Public transportation: A decade of ebb and flow



PHOTO: FILE
PHOTO: FILE
KARACHI: 
Over the past decade, the population of Karachi has grown exponentially, which naturally created the need to upgrade its transportation system. To that end, the city’s transport sector saw both positive and negative developments. On a government level, a big-bus service was added to the transport infrastructure, while on the other hand, citizens had to face a lot of problems because public transport was reduced to a fleet of 4,000 buses.
According to an estimate, Karachi needs at least 15,000 buses to cater to a population of more than 20 million. Over 290 public transport routes have been closed leaving only 79 operational routes for traffic. Due to the negligence of the provincial government, the fares of public transport have risen manifold due to which people belonging to the working and underprivileged class, together with women and students, have to face immense difficulties.
Innovations and developments
Even though the traditional public transport system of Karachi generally worsened over the past 10 years, it is worth mentioning that some positive developments also took place in the city in the form of local and foreign investments in the transport sector. The introduction of internet-assisted transport services, for instance, offered a lot of convenience to the citizens of Karachi as they could now book bikes, rickshaws, cars and small buses online.
The second-biggest development in the transport sector was the launch of a mass-transit system in Karachi – a project that had been on the cards for the past forty years. In 2010, the bus rapid transport (BRT) system finally started materialising and its construction on two corridors began.
Undue delays
Over the years, three public transport schemes were formulated at the state level. With the financial support of Rs2.5 billion from the federal government, there had been plans to introduce 4,000 CNG buses in Karachi under the Shaheed Benazir Bhutto Scheme. The plan to launch another 1,000 new air-conditioned buses in collaboration with a private company was also in the pipeline.
However, both of the projects were red-taped due to the negligence of the Sindh government. However, another project for 1,000 buses signed with the Daewoo Company is underway. Although the buses under the project were supposed to arrive in Karachi by May 2019, a rise in the price of the dollar, together with other administrative reasons, caused undue delays.
Outdated buses and closed routes
Per a survey conducted by The Express Tribune, the public buses which are currently in use are very old, with many of them older than 40 years. The minibuses and coaches have surpassed their functional life and are running without fitness certificates. According to transporters, as many as 10,000 public buses were operational until the early 2000s. However, the illegal nine-seat and 12-seat Qingqi rickshaws were allowed on the roads due to which the public transport system started facing a drastic decline. To top it all off, gas-load shedding, a surge in CNG prices and hikes in diesel rates also hampered the public transport system to a great extent.
The Sindh transport department, Regional Transport Authority and other organisations do not have accurate data on the number of operational public transport vehicles in the city. However, it is estimated that there are currently only 4,000 public transport carriers operating in Karachi, with only 400 big buses and 3,500 minibuses and coaches. There are a total of 60 routes for big buses out of which 47 are closed and only 13 are operational. The total number of bus routes is 236 of which 191 routes are closed. Mini-buses are operating on 25 routes, while coaches have a total of 75 routes including 21 operational and 54 non-operational ones.
Rising transportation fares
In 2018, public transport owners increased transportation fares without the approval of the government.

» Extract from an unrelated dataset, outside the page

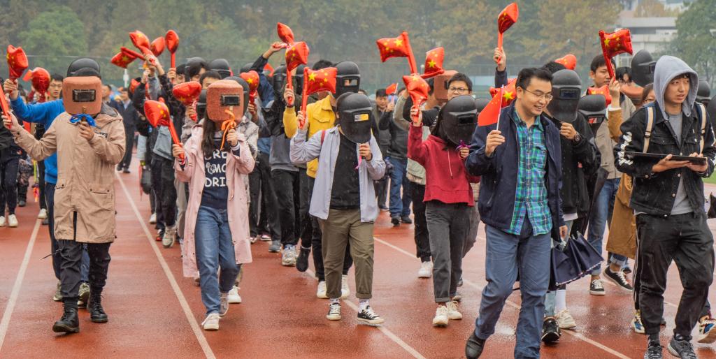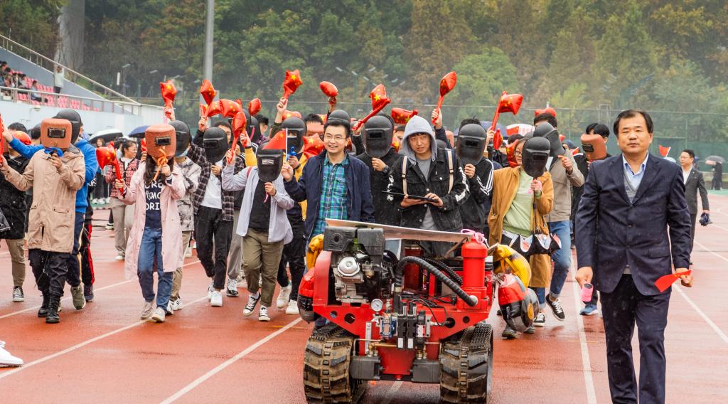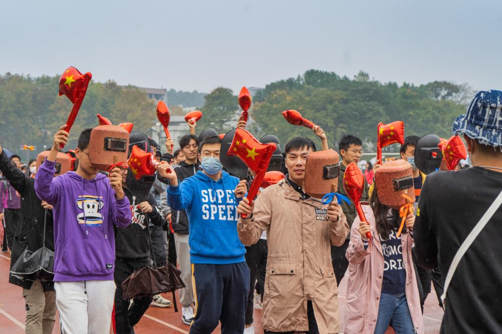 运动会入场式上,由学院本科生、研究生和教职工组成的代表队,意气风发、朝气蓬勃,三架无人机和学院自主研发的智能导航履带车为他们开辟道路,中间四十名师生组成的“铁锤”图案,寓意着不断钻研,勇于锤炼的工匠精神。

The buses have started charging Rs15 to Rs30 from passengers, while fares for minibuses cost up to Rs20 to Rs40. Similarly, coach owners charge Rs20 to Rs50 per passenger for a one-way trip. Transporters maintain that due to an increase in fuel prices and illegal transportation of rickshaws, the number of passengers using public transport has considerably reduced, causing serious monetary losses.
This is the first time in the history of Karachi that fares have been increased without a notification from the Sindh government. Despite protest from the public, the provincial government acted as a silent spectator to the violation.
The Sindh government has no concrete plans for improving the transportation system in Karachi even though there is huge potential for investment in the sector. To make for the gap, private online transport companies like Bykea, Uber, Careem, SWVL and Airlift have attracted investments in the sector. The Sindh government has not facilitated these companies in any form, while the provincial transport department has maintained that there is no law to regularise these companies. However, the provincial government has recently drafted a law has to regularise such companies which would be sent to the assembly for approval.
A ray of hope
The construction of the much-awaited mass transit system in Karachi, together with the revitalisation of the Karachi Circular Railway has been underway for decades. On the request of the Chief Minister Sindh Syed Murad Ali Shah, former Prime Minister Nawaz Sharif ordered to connect the Karachi Circular Railway with the China Pakistan Economic Corridor in 2017 and issued directives to hand over the project to the Sindh government. However, no progress has been made in this regard.
Nonetheless, both the Sindh and the federal government deserve a pat on the back for rapidly starting the construction of the BRT system and its two corridors but work on both of the projects is slow-paced owing to various reasons but their expected completion date is December 2020 after which the bus service will start. 
Published in The Express Tribune, By Syed Ashraf Ali December 31st, 2019.